Как они плохо одеты! Но как они были бы безобразны, если бы их раздеть! Я
умру, не дождавшись десерта, если не закажу шампанского".
Вошел профессор. Он, по-видимому, только что вымыл руки, испачканные во
время поисков; он рассматривал свои ногти. Лакей усадил его против Лафкадио.
От стола к столу ходил метр-дотель. Лафкадио молча указал на карте
Монтебелло Гран-Креман в двадцать франков, а мсье Дефукблиз спросил бутылку
воды Сен-Гальмье. Держа меж двух пальцев свое пенсне, он тихо дышал на него,
а затем краешком салфетки протирал стекла. Лафкадио следил за ним и
удивлялся его кротовьим глазам, мигающим под толстыми красноватыми веками.
"К счастью, он не знает, что это я ему вернул зрение! Если он начнет
меня благодарить, я сию же минуту пересяду".
Метр-дотель вернулся с Сен-Гальмье и шампанским, которое откупорил
первым и поставил между обоими приборами. Как только эта бутылка очутилась
на столе, Дефукблиз ее схватил, не разбирая, с чем она, налил себе полный
стакан и осушил его залпом... Метр-дотель протянул было руку, но Лафкадио
остановил его, смеясь.
— Ой, что это пью? — воскликнул Дефукблиз с отчаянной гримасой.
— Монтебелло этого господина, вашего соседа, — с достоинством
произнес метр-дотель. — А ваш Сен-Гальмье — вот, извольте.

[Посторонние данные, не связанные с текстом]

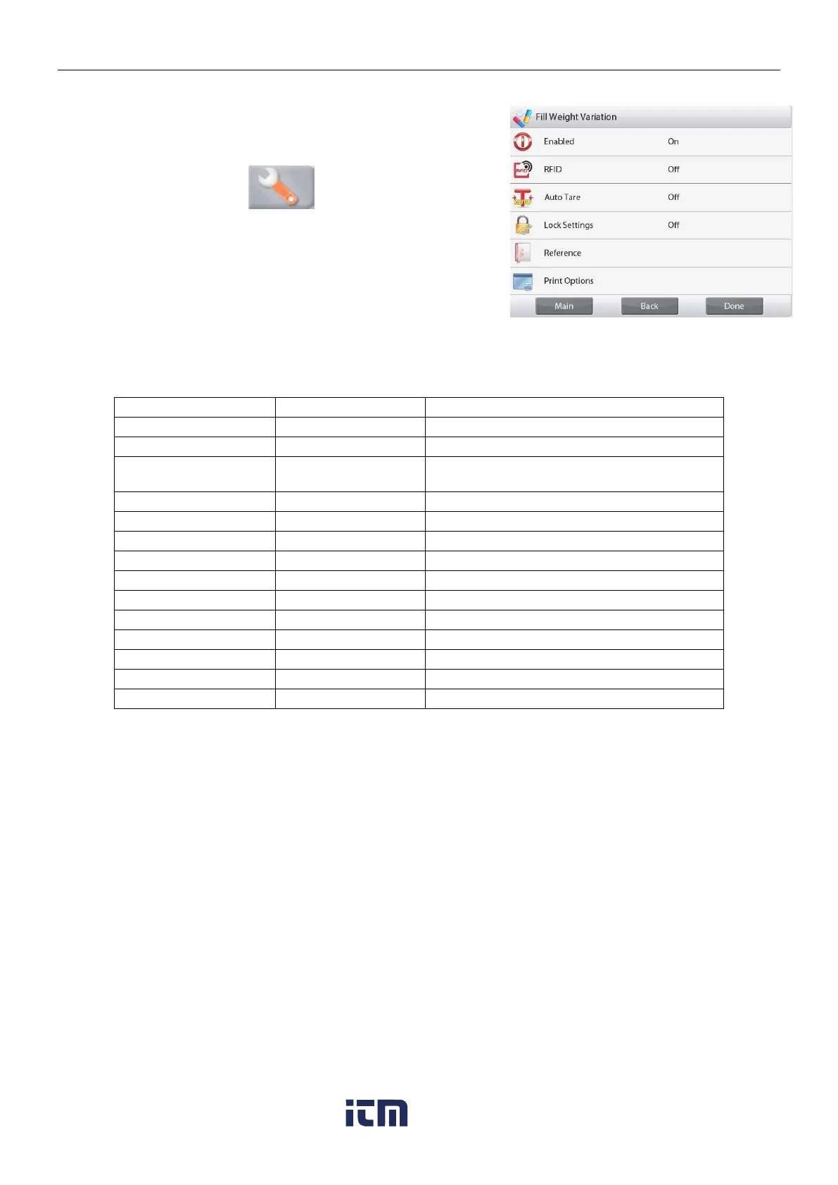 The Fill Weight Variation Application Setups (defaults in Bold)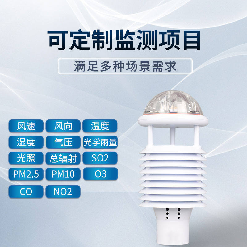 3.风速、风向、温度、湿度、气压、光学雨量、pm2.5、pm10、CO、NO2、SO2、O3十二要素一体式传感器☆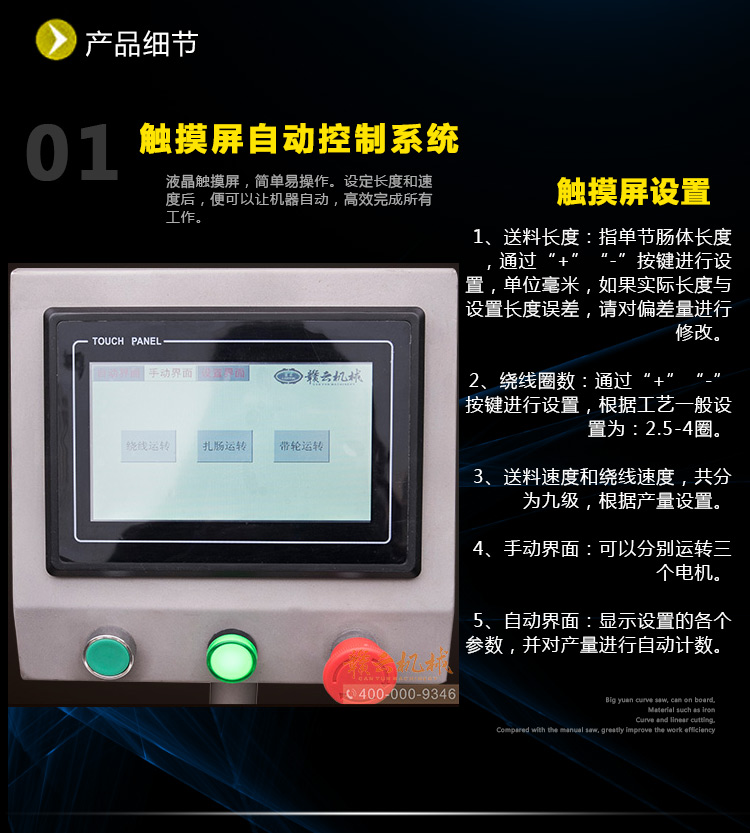 該香腸扎線機機械的優(yōu)點是節(jié)約腸衣,并且線扎的產(chǎn)品不用人工和機械剪節(jié),相對扭結(jié)可節(jié)約人工3人以上和對剪節(jié)設備的投入;相對半自動扎線機可節(jié)約10人的費用,切免除工人的體力勞動之苦。該扎線機操控十分簡單,由于采用人機對話的液晶屏,設定長度和速度后,便可以讓機械自動高效完成所有工作。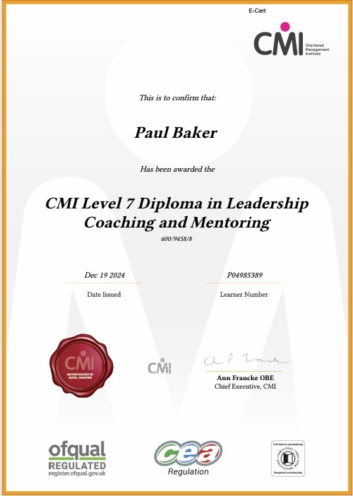 My CMI Level 7 qualification in Leadership Coaching and Mentoring (Master’s level) is a postgraduate programme designed for senior leaders who are responsible for developing and embedding coaching and mentoring across an organisation. It goes far beyond basic coaching skills and focuses on the strategic impact of coaching, mentoring policies, organisational culture and leadership capability at scale.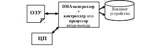 Затем исторически появились т.н. контроллеры прямого доступа к памяти (DMA — Direct Memory Access, Рис. 41.). Контроллеры данного типа исключили центральный процессор из обработки потока данных, взяв эту функцию на себя. В данной модели предполагается, что центральный процессор занимается лишь обработкой потоком управляющей информации, а данные перемещаются между ВЗУ и ОЗУ уже без его участия.
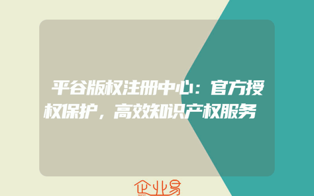 - 平谷版权注册中心:官方授权保护,高效知识产权服务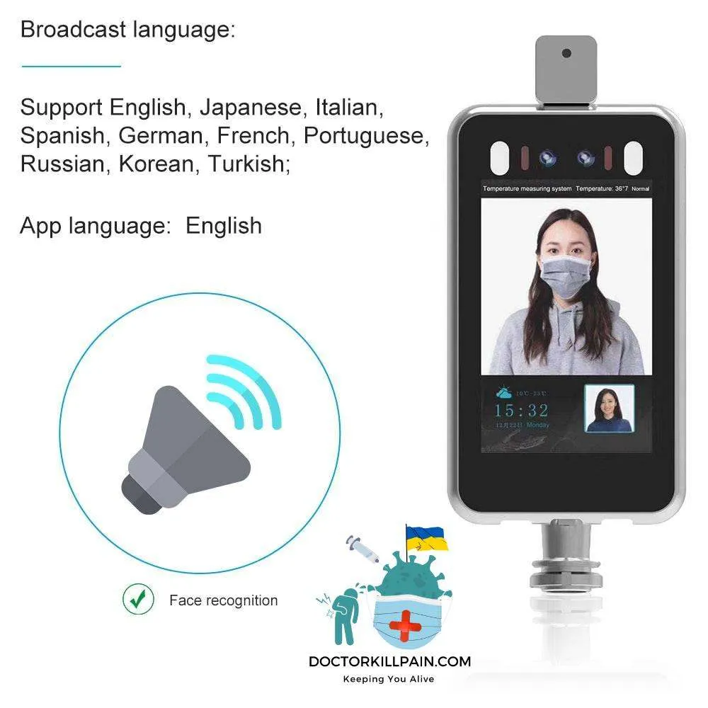 - Support electronic voice broadcast (average human body temperature or super high alarm, face recognition verification results)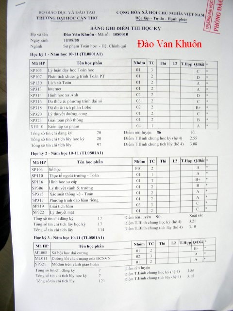 1. Student's Name/ Học Sinh: Đào Văn Khuôn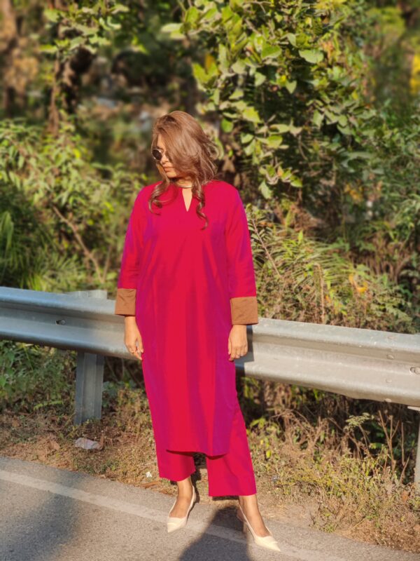 - Relaxed-fit kurta paired with straight-fit pants for effortless comfort and style.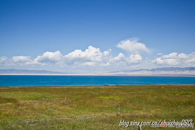 广阔无垠的青海湖啊。我试了一下,湖水真的很凉,实在不敢下水。
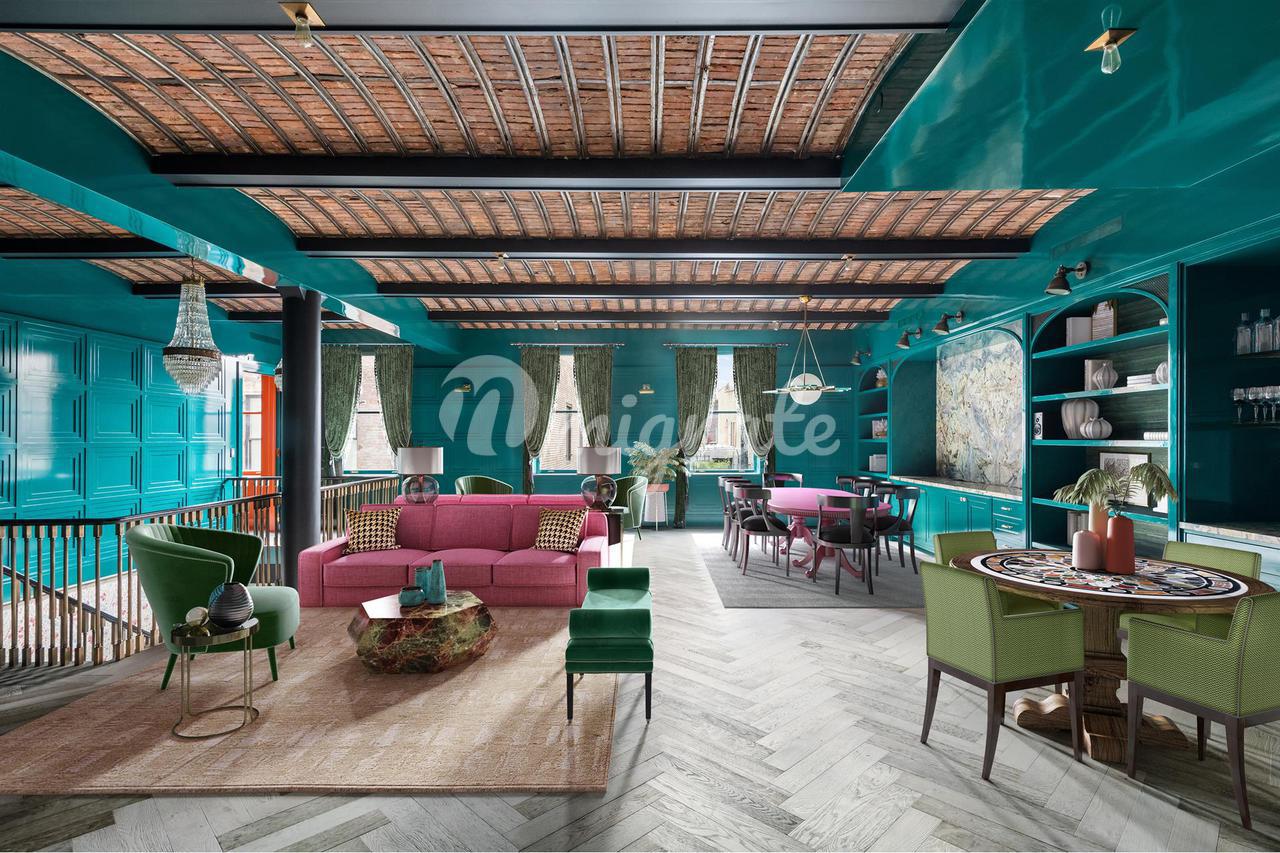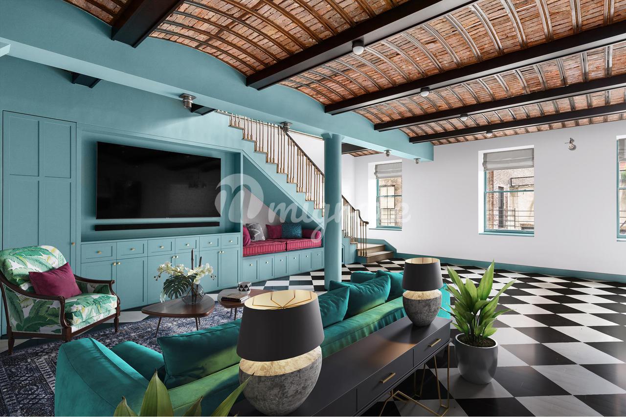 Эта роскошная городская резиденция в довоенном здании в стиле боз-арт в очень особенной части Сохо была спроектирована всемирно известным дизайнером интерьеров Кеном Фулком, членом Architectural Digest 100. Фулк описывает ее как «частично городской особняк и частично загородный особняк», впечатляющий дуплекс площадью 6014 квадратных футов предоставляет ультра-редкую возможность владеть такой просторной квартирой в эпицентре Сохо.

Он поставил вторую бутылку.
— Ах, как мне неприятно... Я так плохо вижу... Я совершенно сконфужен,
поверьте...
— Какое вы бы мне доставили удовольствие, — перебил его Лафкадио, --
если бы не стали извиняться, а выпили бы еще стакан, если первый вам
понравился.
— Увы, должен сознаться, что он показался мне отвратительным; и я не
понимаю, как это я мог, по рассеянности, проглотить целый стакан; мне так
хотелось пить... Скажите, я вас прошу: это вино — очень крепкое? Потому
что, я должен вам сказать... я ничего не пью, кроме воды... малейшая капля
алкоголя неминуемо бросается мне в голову... Боже мой, боже мой! Что со мной
будет? Не вернуться ли мне поскорее в купе?.. Я думаю мне следует прилечь.
Он хотел встать.
— Не уходите, не уходите! — сказал Лафкадио, которому становилось
весело. — Вам, напротив, следует покушать и не беспокоиться об этом вине. Я
вас провожу, если вам нужна будет помощь; но вы не бойтесь: от такой малости
не опьянел бы и ребенок.
— Буду надеяться. Но, право, я не знаю, как вас... Могу я вам
предложить немного Сен-Гальмье?
— Очень вам благодарен; но разрешите мне предпочесть мое шампанское.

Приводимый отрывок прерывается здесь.